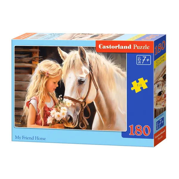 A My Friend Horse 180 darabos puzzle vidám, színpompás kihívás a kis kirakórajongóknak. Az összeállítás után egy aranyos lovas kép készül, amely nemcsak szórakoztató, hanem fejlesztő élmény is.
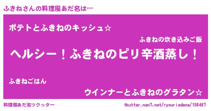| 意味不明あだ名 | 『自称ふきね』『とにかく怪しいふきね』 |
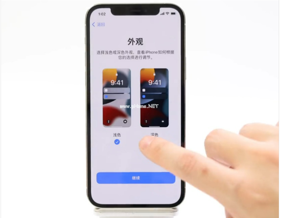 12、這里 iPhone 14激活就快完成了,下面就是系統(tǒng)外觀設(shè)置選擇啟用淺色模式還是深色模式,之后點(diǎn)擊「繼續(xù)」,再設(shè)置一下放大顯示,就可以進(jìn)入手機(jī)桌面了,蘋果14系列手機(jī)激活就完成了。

--

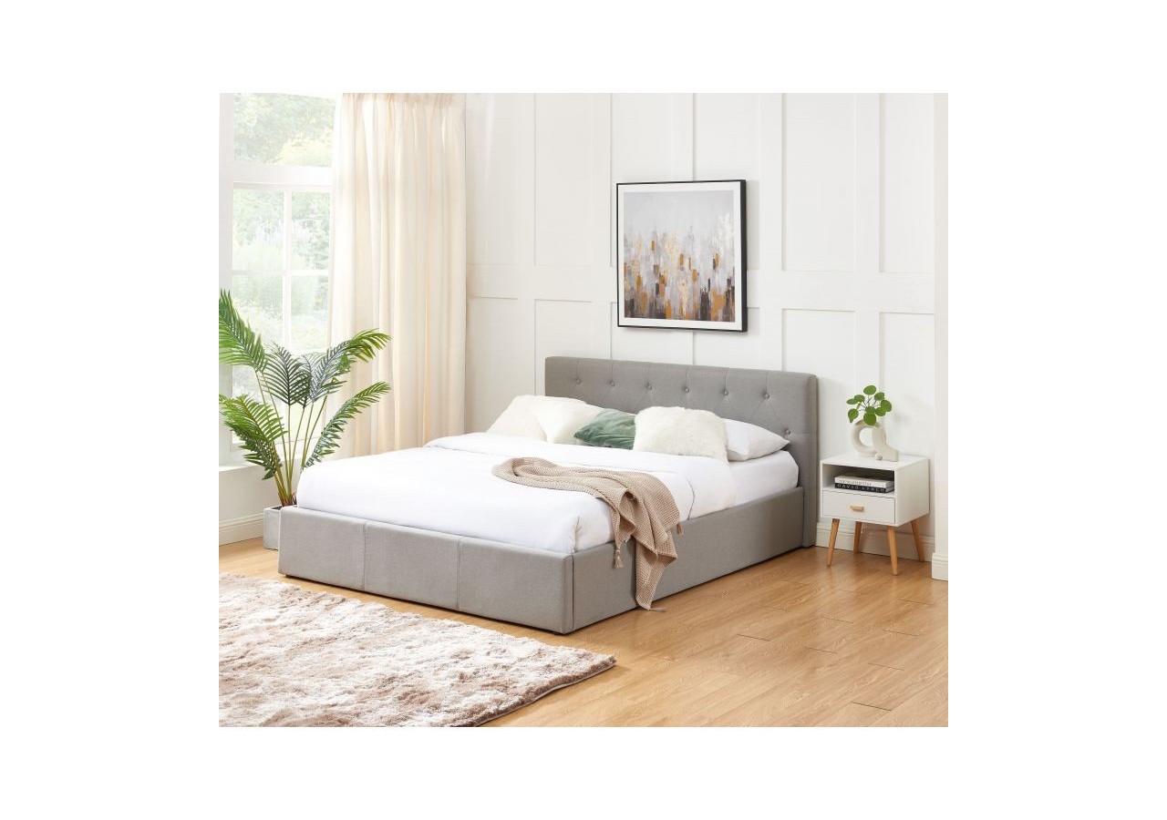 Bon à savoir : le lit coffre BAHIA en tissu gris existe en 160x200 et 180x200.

> Problem description: Above are some entries; copy exactly the lines from the line with "A My Friend" through the line with "意味不明あだ名 | 『自称ふきね』『とにかく怪しいふきね』 |", both included, but none of the pictures.

> Solution for this task:
 A My Friend Horse 180 darabos puzzle vidám, színpompás kihívás a kis kirakórajongóknak. Az összeállítás után egy aranyos lovas kép készül, amely nemcsak szórakoztató, hanem fejlesztő élmény is.
| 意味不明あだ名 | 『自称ふきね』『とにかく怪しいふきね』 |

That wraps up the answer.